Grouping data in kdb with a specific condition

I have a main dataframe named raw that looks like this:

tab:([]date:2018.02.05 2018.02.05 2018.02.06 2018.02.06;time:01:30:25.000 02:30:45.000 04:15:15.000 02:15:15.000;vol:50 55 64 12; name:`A`B`B`A)

 date time vol name 2018.02.05 1:30:25 50 A 2018.02.05 2:30:45 55 B 2018.02.06 4:15:15 64 B 2018.02.06 2:15:15 12 A 

I need to create a new table depending on conditions such as:

Between two specific dates, I need to find the time when the cumulative volume is 100 for the name B for two hours.
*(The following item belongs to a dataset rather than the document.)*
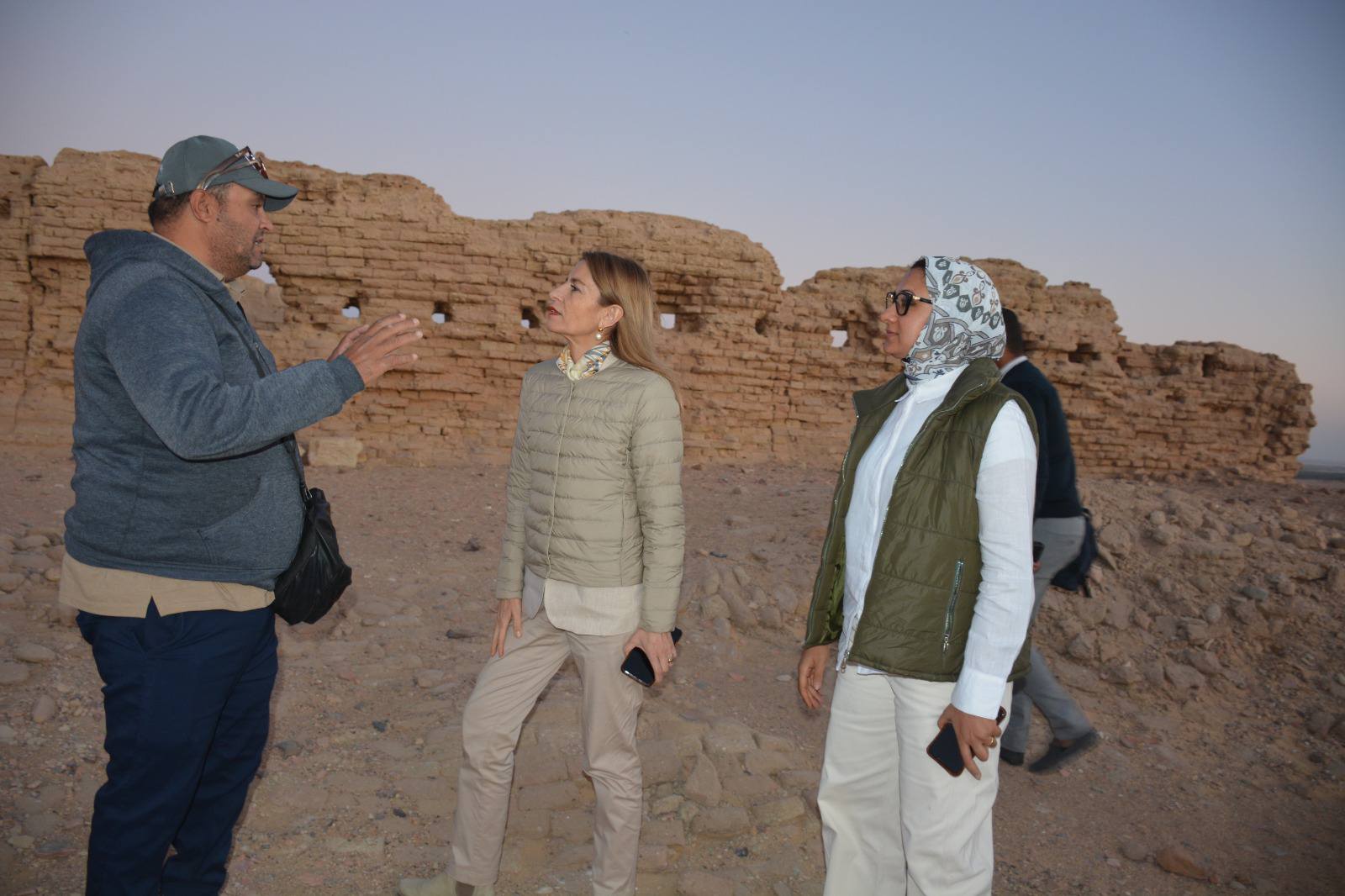 واستمعت نائب محافظ الوادي الجديد، والدكتورة نوريا سانز، إلى شرح يحكي تاريخ المنطقة التي تعد محطة عبور هامة كانت تشرف على مسار حركة التجارة بين عموم مصر وصولاً إلى منطقة دارفور بالسودان

The logic that I think should work: sort data in ascending order. Add all vol with name = `B for the time (time [i]: time [i] + 2 hours). If cum vol> 100, return the time intervals and the corresponding date. Continue with i +1. I'm new to kdb, so it's hard for me to execute it.

Output Example:

 time1 time2 date1 date2 1:30:00 3:30:00 2018.02.05 2018.02.05 23:00:00 1:00:00 2018.02.05 2018.02.06 

Any guidance on this is appreciated. thanks

+4
source share
2 answers

I believe that the solution to your problem can be achieved with aj

Initially, as you indicated, the table should be sorted by time

 `time xasc `tab; 

Then you need to create a cumulative sum of volumes using the amounts

 tab:update cumvol:sums vol by name from tab 

Then, using aj, get the cumulative sums of volumes that are not included in 2-hour periods for each time.
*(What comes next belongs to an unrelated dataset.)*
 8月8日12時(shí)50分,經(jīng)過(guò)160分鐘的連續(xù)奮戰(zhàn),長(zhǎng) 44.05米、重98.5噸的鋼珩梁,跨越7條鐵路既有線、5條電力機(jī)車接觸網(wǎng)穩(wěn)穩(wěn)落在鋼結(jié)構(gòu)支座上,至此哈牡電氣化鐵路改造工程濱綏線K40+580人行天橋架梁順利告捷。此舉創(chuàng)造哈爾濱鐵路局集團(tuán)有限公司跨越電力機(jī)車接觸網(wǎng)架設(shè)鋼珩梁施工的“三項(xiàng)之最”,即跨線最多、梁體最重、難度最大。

 aj[`name`time;tab;select time:time+02:00,name,cumvol2:cumvol from tab] 

Then we can do cumvol-cumvol2 to get the total volume for each 2-hour period

 tab:select time, name, runningvol:cumvol-0^cumvol2 from aj[`name`time;tab;select time:time+02:00,name,cumvol2:cumvol from tab] 
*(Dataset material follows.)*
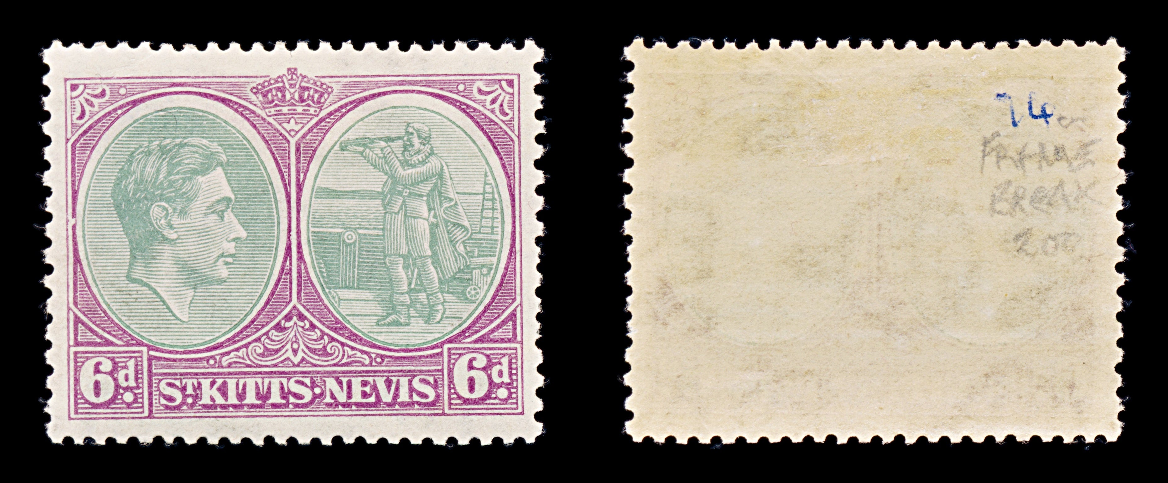 8222: St Kitts Nevis SG74 6d Purple & Ggreen 1938 Sc#85a Mi78Ca Mint MLH C£200: Frame Break on left side

Then a simple select statement can get the time when cumvol is greater than 100

 select time,time+02:00 from tab where runningvol>100 

An improvement that could be added to this would be to add a grouped attribute to the second table in aj. Another improvement to this would be to format dates and times into a single timestamp or date and time.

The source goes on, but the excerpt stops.